_What you are asked to do_.
Each entry is to be retyped without alteration, and no picture is to be included.

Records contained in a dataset
··········

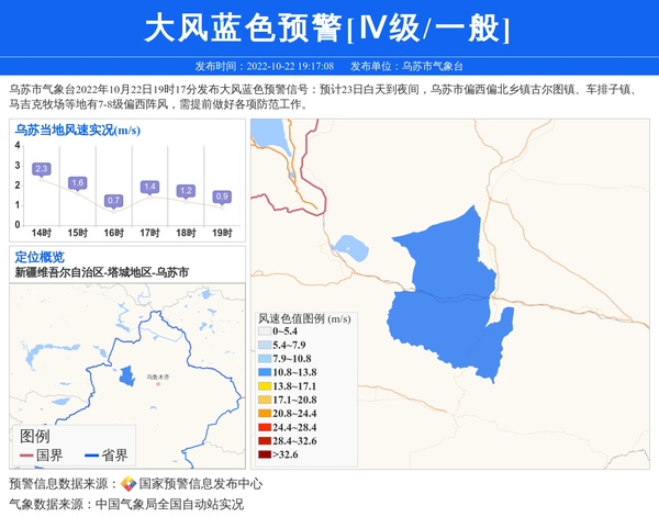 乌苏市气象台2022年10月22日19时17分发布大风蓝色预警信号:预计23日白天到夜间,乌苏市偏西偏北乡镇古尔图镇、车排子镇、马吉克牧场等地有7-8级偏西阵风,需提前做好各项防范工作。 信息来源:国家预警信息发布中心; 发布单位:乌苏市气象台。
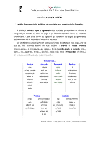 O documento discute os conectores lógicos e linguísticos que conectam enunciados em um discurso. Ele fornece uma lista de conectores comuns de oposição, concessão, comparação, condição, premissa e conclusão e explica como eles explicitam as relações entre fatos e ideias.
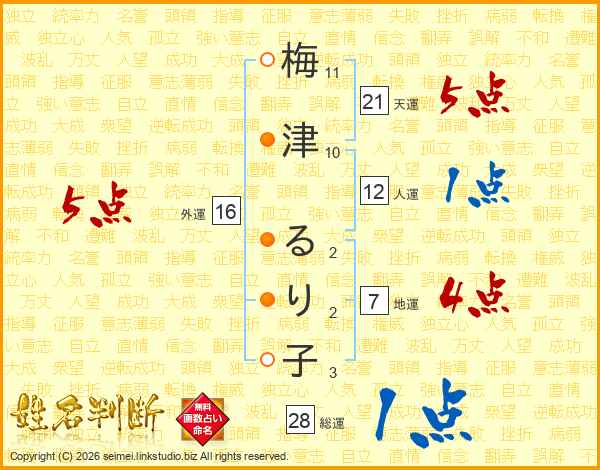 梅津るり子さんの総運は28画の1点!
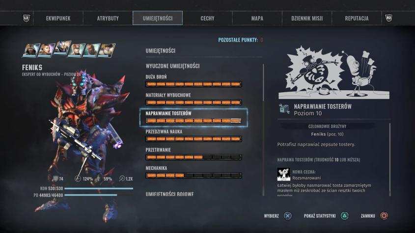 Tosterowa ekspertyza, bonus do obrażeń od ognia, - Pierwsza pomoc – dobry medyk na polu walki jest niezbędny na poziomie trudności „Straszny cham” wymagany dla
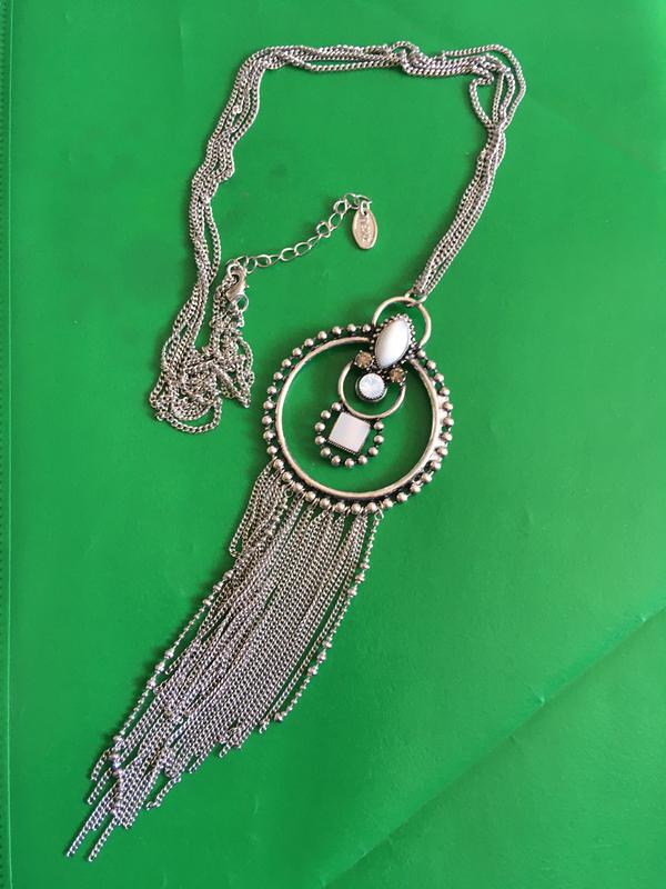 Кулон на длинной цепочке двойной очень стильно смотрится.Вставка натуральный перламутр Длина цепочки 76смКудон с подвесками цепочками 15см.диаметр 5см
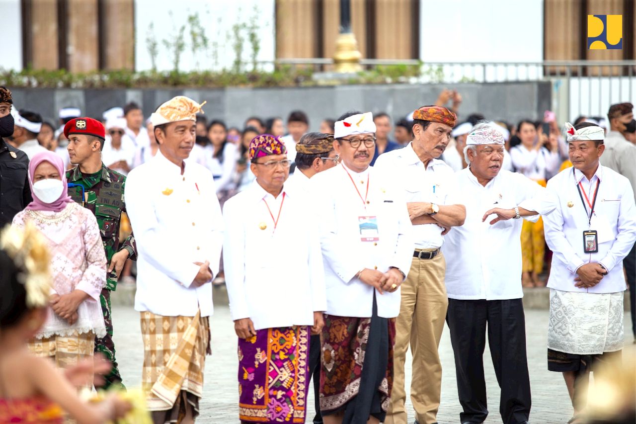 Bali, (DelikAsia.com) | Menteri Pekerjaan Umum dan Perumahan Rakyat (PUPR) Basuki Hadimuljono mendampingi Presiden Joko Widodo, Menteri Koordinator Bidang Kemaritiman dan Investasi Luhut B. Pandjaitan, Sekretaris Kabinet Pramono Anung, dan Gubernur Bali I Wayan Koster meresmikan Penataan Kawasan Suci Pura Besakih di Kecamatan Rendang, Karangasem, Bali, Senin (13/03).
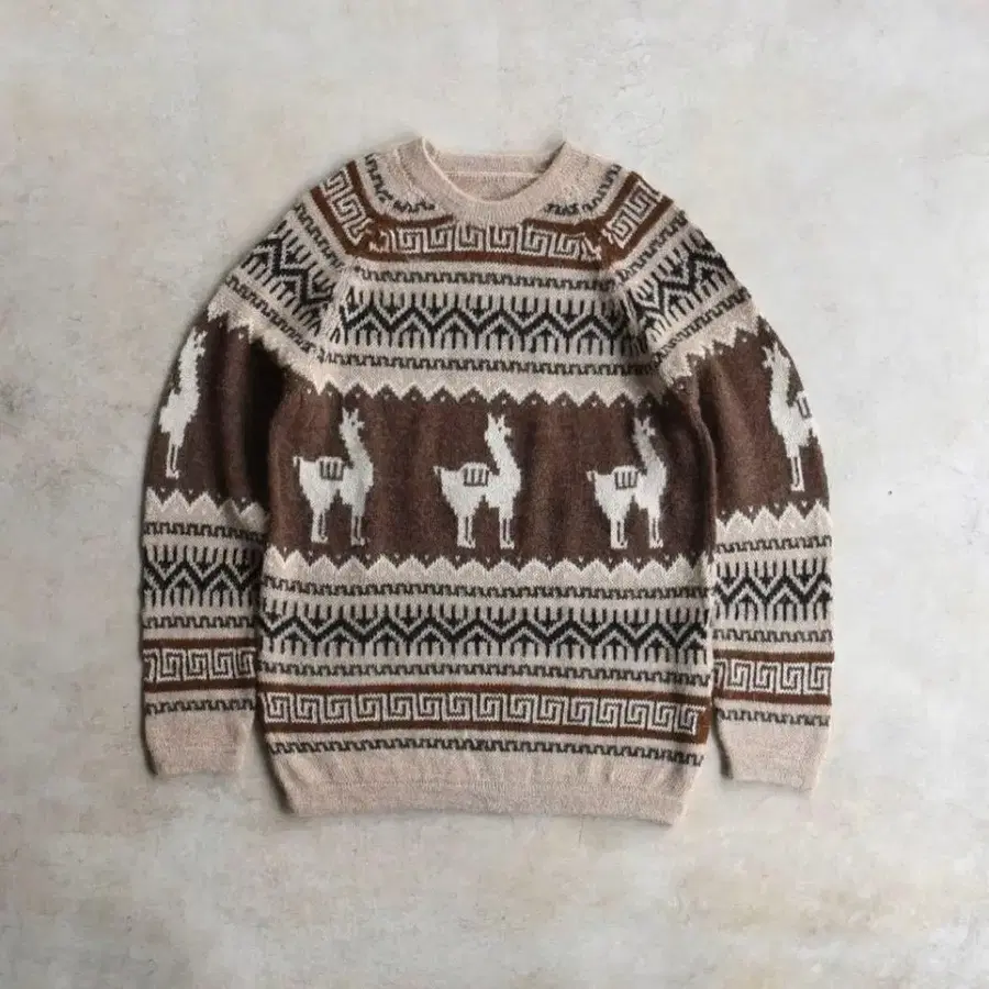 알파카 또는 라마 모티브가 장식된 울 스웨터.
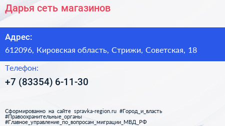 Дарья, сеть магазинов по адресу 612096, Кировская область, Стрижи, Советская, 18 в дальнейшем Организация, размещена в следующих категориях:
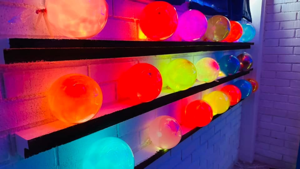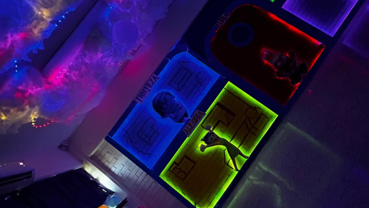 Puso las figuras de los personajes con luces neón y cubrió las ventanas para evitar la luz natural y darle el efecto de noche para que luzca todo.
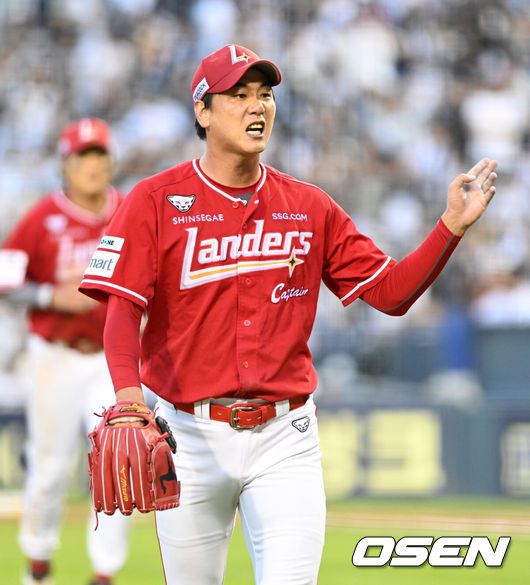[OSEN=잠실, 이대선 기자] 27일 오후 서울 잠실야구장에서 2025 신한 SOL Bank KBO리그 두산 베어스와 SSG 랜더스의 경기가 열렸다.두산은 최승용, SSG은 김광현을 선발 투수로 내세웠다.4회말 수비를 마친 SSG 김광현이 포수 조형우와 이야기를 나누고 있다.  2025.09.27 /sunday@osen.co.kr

··········

_Expected output_.
 乌苏市气象台2022年10月22日19时17分发布大风蓝色预警信号:预计23日白天到夜间,乌苏市偏西偏北乡镇古尔图镇、车排子镇、马吉克牧场等地有7-8级偏西阵风,需提前做好各项防范工作。 信息来源:国家预警信息发布中心; 发布单位:乌苏市气象台。
 O documento discute os conectores lógicos e linguísticos que conectam enunciados em um discurso. Ele fornece uma lista de conectores comuns de oposição, concessão, comparação, condição, premissa e conclusão e explica como eles explicitam as relações entre fatos e ideias.
 梅津るり子さんの総運は28画の1点!
 Tosterowa ekspertyza, bonus do obrażeń od ognia, - Pierwsza pomoc – dobry medyk na polu walki jest niezbędny na poziomie trudności „Straszny cham” wymagany dla
 Кулон на длинной цепочке двойной очень стильно смотрится.Вставка натуральный перламутр Длина цепочки 76смКудон с подвесками цепочками 15см.диаметр 5см
 Bali, (DelikAsia.com) | Menteri Pekerjaan Umum dan Perumahan Rakyat (PUPR) Basuki Hadimuljono mendampingi Presiden Joko Widodo, Menteri Koordinator Bidang Kemaritiman dan Investasi Luhut B. Pandjaitan, Sekretaris Kabinet Pramono Anung, dan Gubernur Bali I Wayan Koster meresmikan Penataan Kawasan Suci Pura Besakih di Kecamatan Rendang, Karangasem, Bali, Senin (13/03).
 알파카 또는 라마 모티브가 장식된 울 스웨터.
 Дарья, сеть магазинов по адресу 612096, Кировская область, Стрижи, Советская, 18 в дальнейшем Организация, размещена в следующих категориях:
 Puso las figuras de los personajes con luces neón y cubrió las ventanas para evitar la luz natural y darle el efecto de noche para que luzca todo.
[OSEN=잠실, 이대선 기자] 27일 오후 서울 잠실야구장에서 2025 신한 SOL Bank KBO리그 두산 베어스와 SSG 랜더스의 경기가 열렸다.두산은 최승용, SSG은 김광현을 선발 투수로 내세웠다.4회말 수비를 마친 SSG 김광현이 포수 조형우와 이야기를 나누고 있다.  2025.09.27 /sunday@osen.co.kr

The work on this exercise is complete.